The Chronic Care Model (CCM) describes elements of an approach to providing chronic care in ambulatory care settings with proven effectiveness [5–7]. Studies of CCM implementation and other primary care redesign efforts suggest that practice change/redesign is difficult [7]. Change can be especially challenging in small, autonomous primary care practices where resources are scarce and where the environment external to the practice is not supportive of change [8]. PF is emerging as a promising approach for assisting practices in overcome these challenges. Although effective at improving guideline adoption for preventive care, such as colon cancer screening [1], the ability of PF to change how the primary care team organizes itself around chronic illness care remains unknown.

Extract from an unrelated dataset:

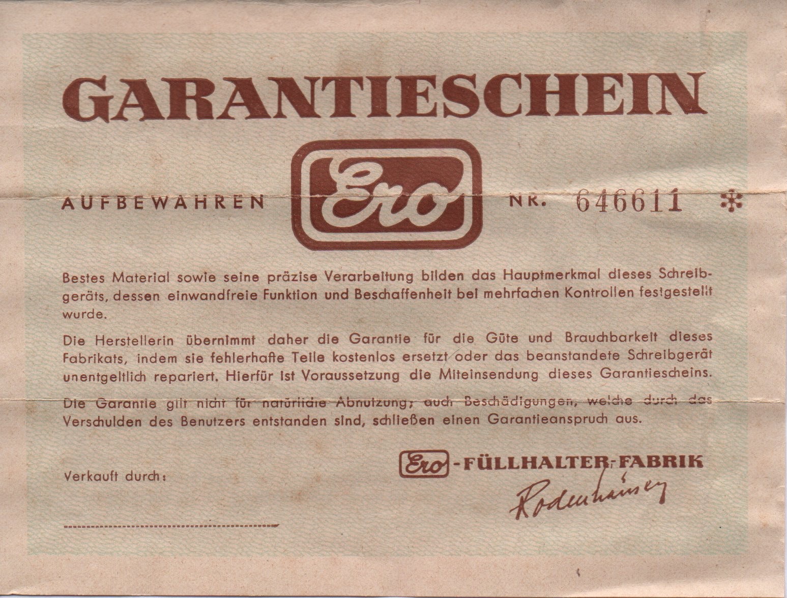 Vorrei dare anch'io il mio contributo in quanto possessore di una ERO (credo sia 407 il modello). La mia è completa di scatoletta e brochure/garanzia in tedesco. Credo risalga agli anni '70 (per via del pennino, vedi sotto) molto carina la targhetta del prezzo: 1200 Lire
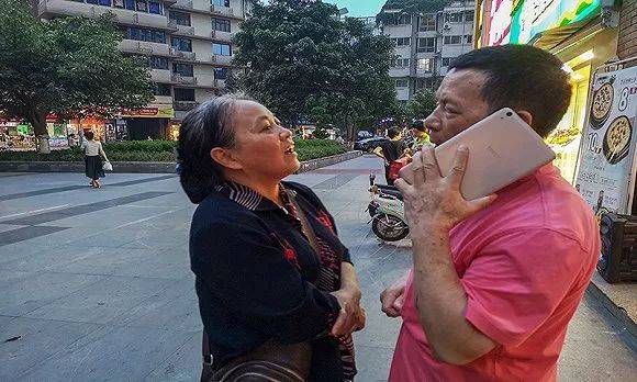 演出开始前,冯懿萍带张世维找商家借电,张世维给店主打电话。摄影:翟星理

Here we report the results of group-randomized trial of a PF intervention to improve the organization and delivery of diabetes care in small, autonomous primary care practices. The specific objective is to examine changes in the degree to which care is organized around the CCM at the conclusion of the one-year intervention, its sustainability one year after withdrawal of the PF intervention, and subsequent improvement in the delayed intervention (control) practices.
Methods
This was a group-randomized trial launched in the fall of 2007 in the South Texas region of the United States. The study design of this trial and details about the intervention have been previously reported [9]. Briefly, the study was conducted in small, autonomous primary care clinics or ‘practices’ in South Texas. These urban, suburban, and rural practices, each with one to three clinicians, serve a population of primary care patients diverse in demographic characteristics, insurance coverage, and healthcare needs. Subjects for this study were the clinicians and staff at participating practices.
Recruitment
Due to travel distance and costs, recruitment was limited to the San Antonio Metropolitan Statistical Area and surrounding counties within a one-hour drive of the medical center. Early recruits included 10 active members of a primary care Practice-Based Research Network (PBRN), all of whom agreed to participate. PBRN enrollees were asked to recommend colleagues whom they thought might be interested in study participation who also referred colleagues (n = 25). These physicians were contacted directly by phone and in-person recruiting visits were scheduled at their offices resulting in 22 participants. In addition, 145 recruitment letters were sent to primary care physicians within the region identified from professional society membership guides. From these letters, 15 practices responded; of those, eight agreed to participate in the study, resulting in a total of 40 practices. The sample size of 40 practices was determined from measurement of the primary outcome, the CCM score, across 20 clinics resulting in a power of 0.94 to detect a change in the CCM score of at least 1.5 in response to the intervention as described in the original published protocal [9].
Randomization
A stepped-wedge study design was used with block randomization of practices in groups of 10 to either an ‘initial intervention’ or ‘delayed intervention’ arm of the study [10]. The random allocation sequence was generated by a member of the study team (RP) after each group of 10 clinics was recruited. A stepped-wedge design is a type of crossover design in which different clusters cross over (switch treatments) at different time points. For this study, 20 practices, the ‘initial’ intervention practices, were randomized to receive the PF intervention for one year,’ while the remaining 20 practices served as controls. Following the completion of the one-year intervention and withdrawal of facilitators from the initial intervention practices, the ‘control’ practices were crossed-over to receive a one-year ‘delayed intervention’ of PF. Randomization was done before the orientation visit where consent for study participation occurred because status of randomization was needed to inform length of and type of data collected during the initial visit. For example, interviews with clinicians and staff were conducted during and after the team meeting introducing the study in practices randomized to the initial intervention arm but not the delayed intervention.
Intervention
Practice Facilitators held a minimum of six one-hour team meetings within each practice over a 12-month period of time. As is common with many previous PF efforts, baseline chart audit and feedback as well as interactive consensus building and goal setting were incorporated into the intervention [1]. For the audit and feedback component, glycosylated hemoglobin (HbA1c), blood pressures, and lipid levels were audited from the medical records of a random sample of 30 patients seen in the prior 12 months with a diagnosis of type 2 diabetes. Additionally, 60 consecutive adults presenting for care in each practice completed a satisfaction survey. The PF intervention in each practice began with a review of the chart audit results, as well as results from the patient survey.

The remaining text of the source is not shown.